Highlighted Paper

C·I·B workshop leads to special issue on insect invasions

Photo credit: David Richardson

The insects are a group that has been underrepresented in the field of invasion biology, despite their impacts on agricultural production (e.g. fruit flies), ecosystem disruptions (e.g. ants) and vectors of disease that affect human health (e.g. mosquitoes). Further, much of the theory of invasion biology has come from work focused on plant and vertebrate invasions. To address some of the shortfalls, a C·I·B supported workshop on the “Drivers, mechanisms, impacts and adaptations of insect invasions” was held in November 2014 (Click here to read about workshop). Around 40 delegates gathered in Stellenbosch to discuss insect invasions, share research results, and propose research directions for future collaborative work.

Following on from the workshop, a special issue in the journal Biological Invasions has now been published. The special issue is guest edited by former C·I·B postdoctoral fellow Matt Hill, together with C·I·B core-team members, Dave Richardson, John Terblanche and Susana Clusella-Trullas. The team has put together an editorial providing some background on the history and state of the field of insect invasions, and outlining the special issue.

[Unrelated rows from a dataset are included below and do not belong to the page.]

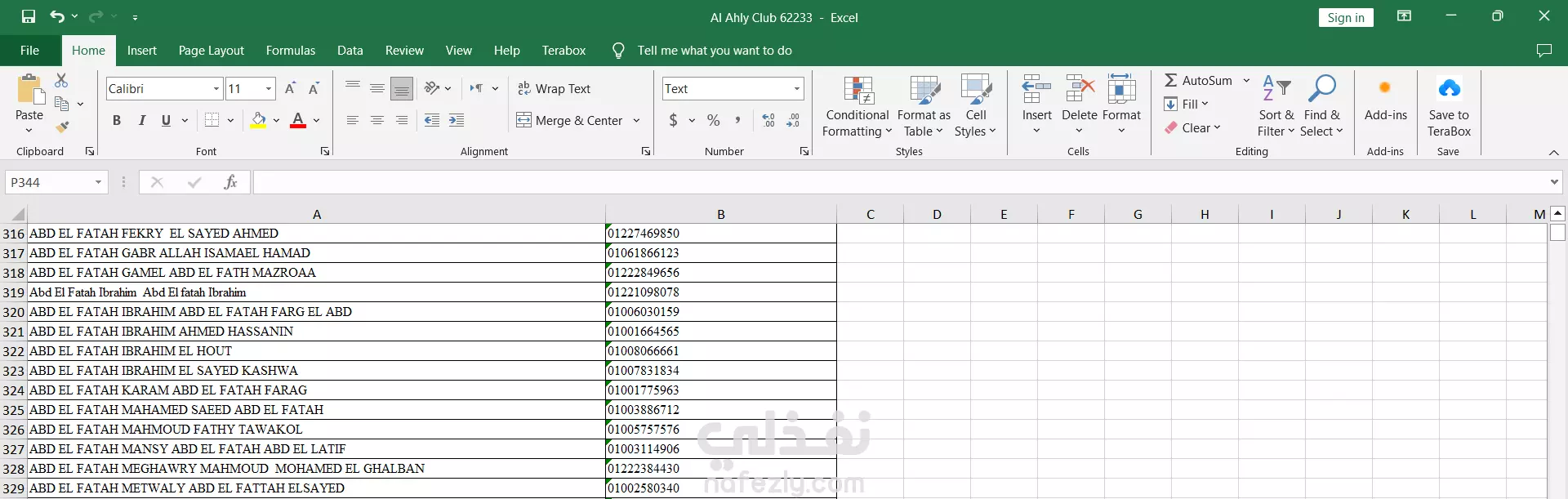 بينات اعضاء النادى الاهلى المصرى البيانت عباره عن : * اسم الشخص * رقم الهاتف ما عدد البيانات : 62233 بيان لاعضاء النادى الاهلى المصرى
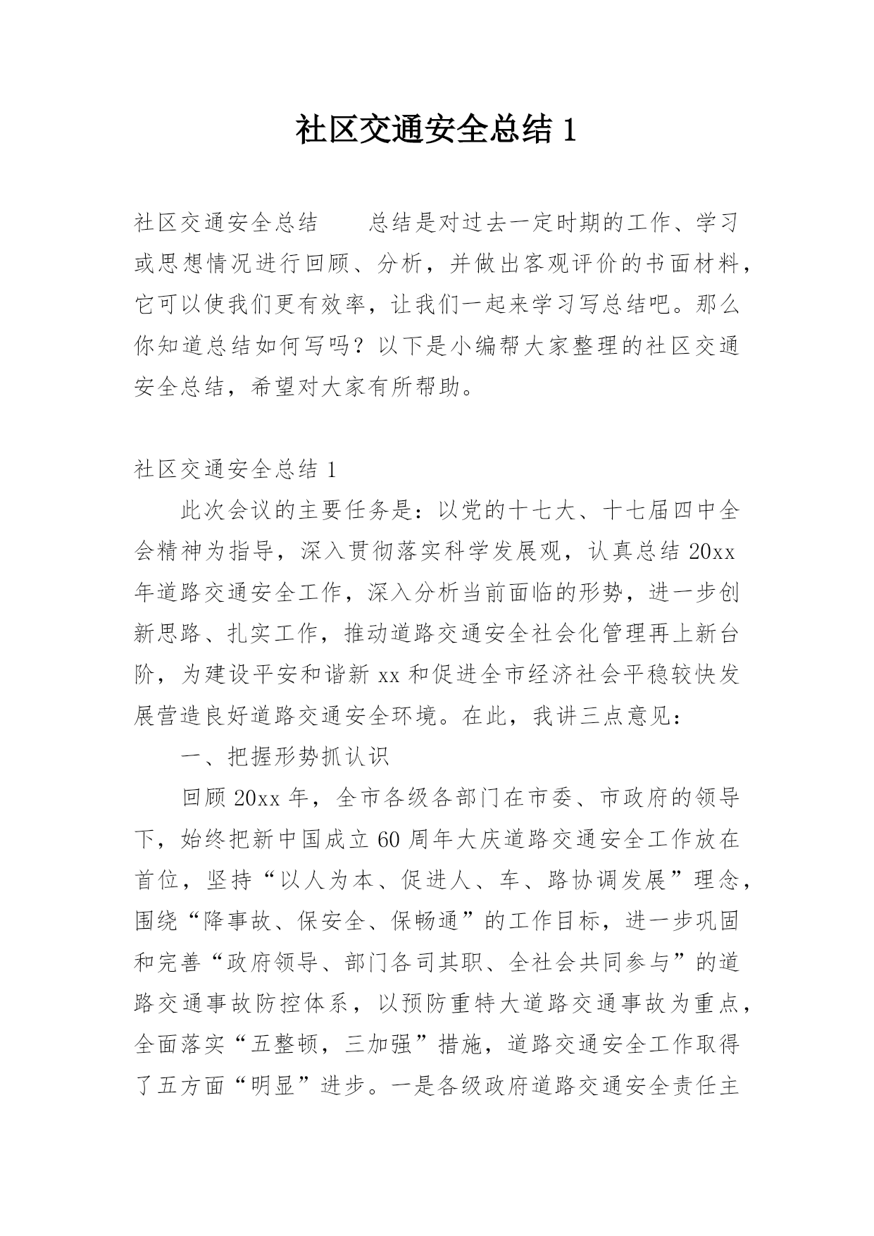 社区交通安全总结1社区交通安全总结总结是对过去一定时期的工作、学习或思想情况进行回顾、分析,并做出客观评价的书面材料,它可以使我们更有效率,让我们一起来学习写总结吧。那么你知道总结如何写吗?以下是小编帮大家整理的社区交通安全总结,希望对大家有所帮助。社区交通安全总结1此次会议的主要任务是:以党的十七大、十七届四中全会精神为指导,深入贯彻落实科学发展观,认真总结20xx年道路交通安全工作,深入分析当前面临的形势,进一步创新思路、扎实工作,推动道路交通安全社会化管理再上新台阶,为建设平安和谐新xx和促进全市经
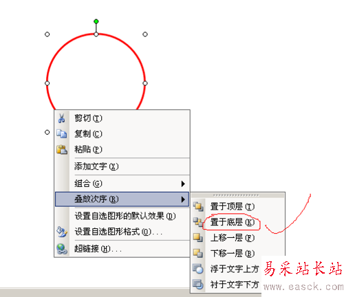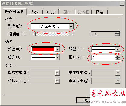 雙擊圖形設(shè)置為“無填充色”,線條寬度為2磅,顏色為紅色,“疊放次序”為“最底層”。

The special issue sets a platform to advance the understanding of insect invasions, with 13 contributions spanning a range of topics such as taxonomic knowledge gaps, improving methods of detection of new invasions and assessing ecological impacts of new and existing invasions, as well as sources of novel invasive species. The special issue is structured around four main themes: (1) drivers of insect invasions including introduction pathways, dispersal and propagule pressure; (2) mechanisms of invasion including theories surrounding functional traits and life histories; (3) the impacts of insect invasions on agricultural production, human health and ecosystem functioning; (4) and where adaptations facilitating successful invasion and range expansion are likely to occur during the invasion process.

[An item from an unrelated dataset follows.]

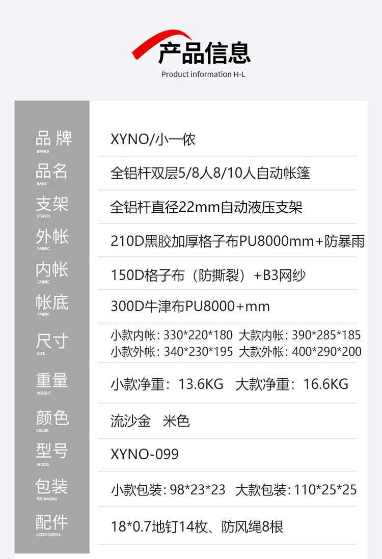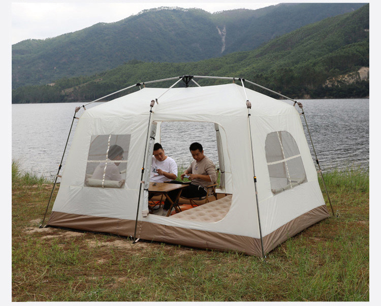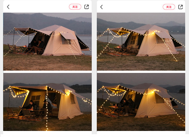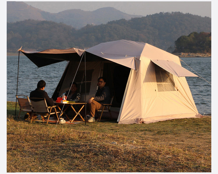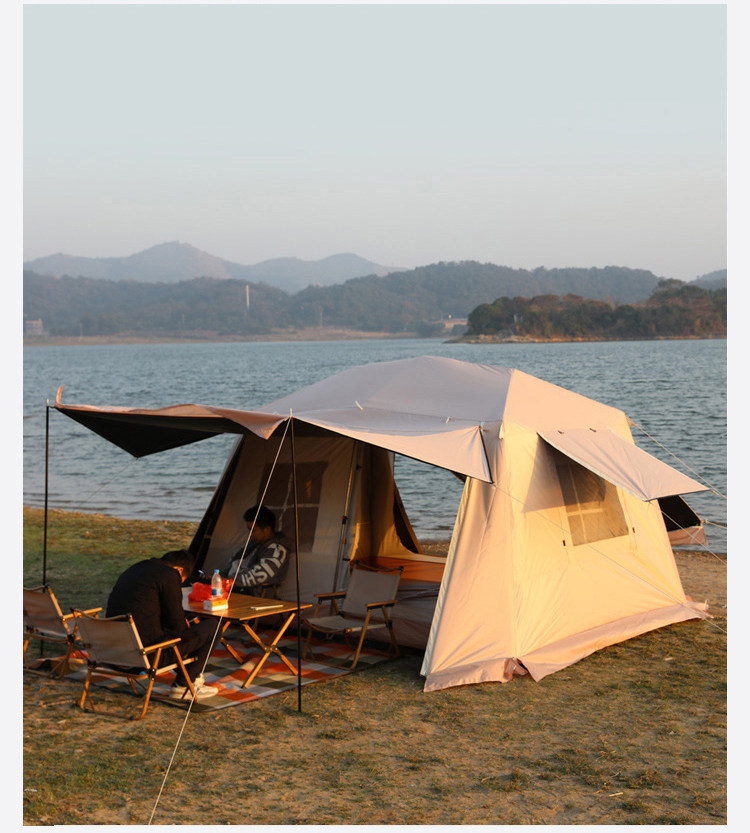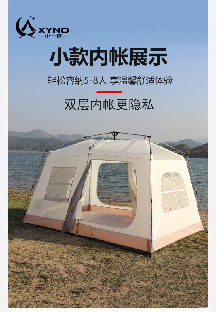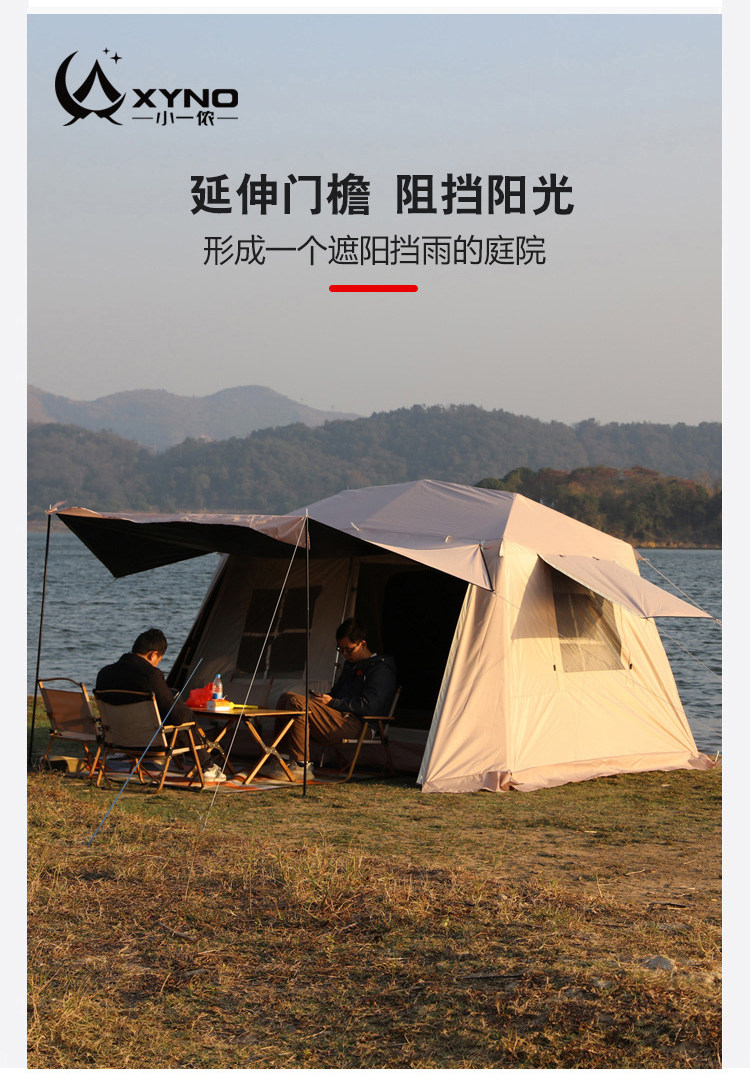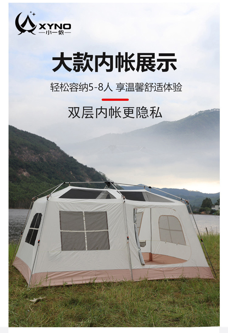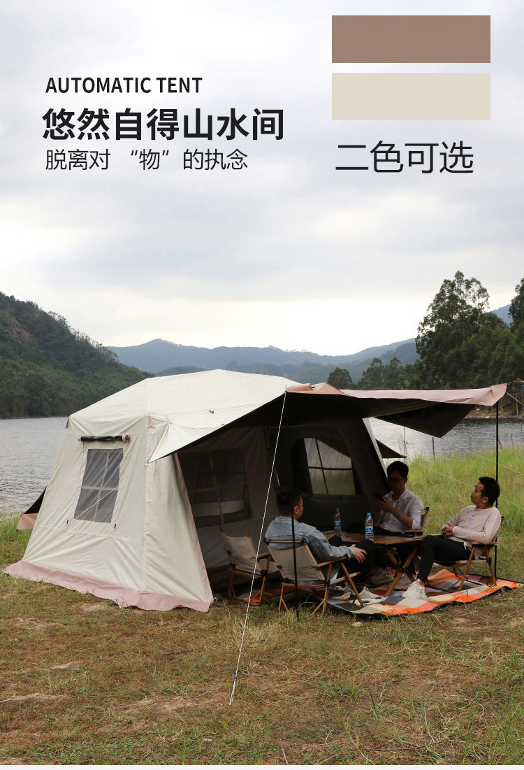 小一儂戶外全自動鋁桿加厚黑膠精緻防雨防曬速開野營二室屋脊帳篷

The collection of articles from a diverse group of national and international scientists working across different aspects of entomological and biological invasions highlights what makes insect invasions unique and where future research efforts should be focused.

The special issue is available as the April 2016 volume of Biological Invasions (http://link.springer.com/journal/10530/18/4?wt_mc=alerts.TOCjournals)

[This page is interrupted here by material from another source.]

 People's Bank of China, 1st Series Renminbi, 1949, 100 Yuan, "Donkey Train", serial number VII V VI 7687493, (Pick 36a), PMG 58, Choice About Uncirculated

Articles in the Special Issue

  • Editorial: Drivers, impacts, mechanisms and adaptation in insect invasions Matthew P. Hill, Susana Clusella-Trullas, John S. Terblanche, David M. Richardson
  • Global compositional variation among native and non-native regional insect assemblages emphasizes the importance of pathways Andrew M. Liebhold et al.
  • Temporal and interspecific variation in rates of spread for insect species invading Europe during the last 200 years Alain Roques et al.
  • Increasing numbers and intercontinental spread of invasive insects on eucalypts Brett P. Hurley et al.
  • Complex patterns of global spread in invasive insects: eco-evolutionary and management consequences Jeff R. Garnas et al.
  • Exotic biological control agents: A solution or contribution to arthropod invasions? Ann E. Hajek et al.
  • Defining invasiveness and invasibility in ecological networks Cang Hui et al.
  • How propagule size and environmental suitability jointly determine establishment success: a test using dung beetle introductions Richard P. Duncan
  • The harlequin ladybird, Harmonia axyridis: global perspectives on invasion history and ecology Helen E. Roy et al.
  • Novel and co-evolved associations between insects and microorganisms as drivers of forest pestilence Michael J. Wingfield et al.
  • Methods and approaches for the management of arthropod border incursions Davina L. Saccaggi et al.
  • Intentionally introduced terrestrial invertebrates: patterns, risks, and options for management Sabrina Kumschick et al.
  • Drosophila as models to understand the adaptive process during invasion Patricia Gibert et al.
  • Predicted decrease in global climate suitability masks regional complexity of invasive fruit fly species response to climate change Matthew P. Hill et al.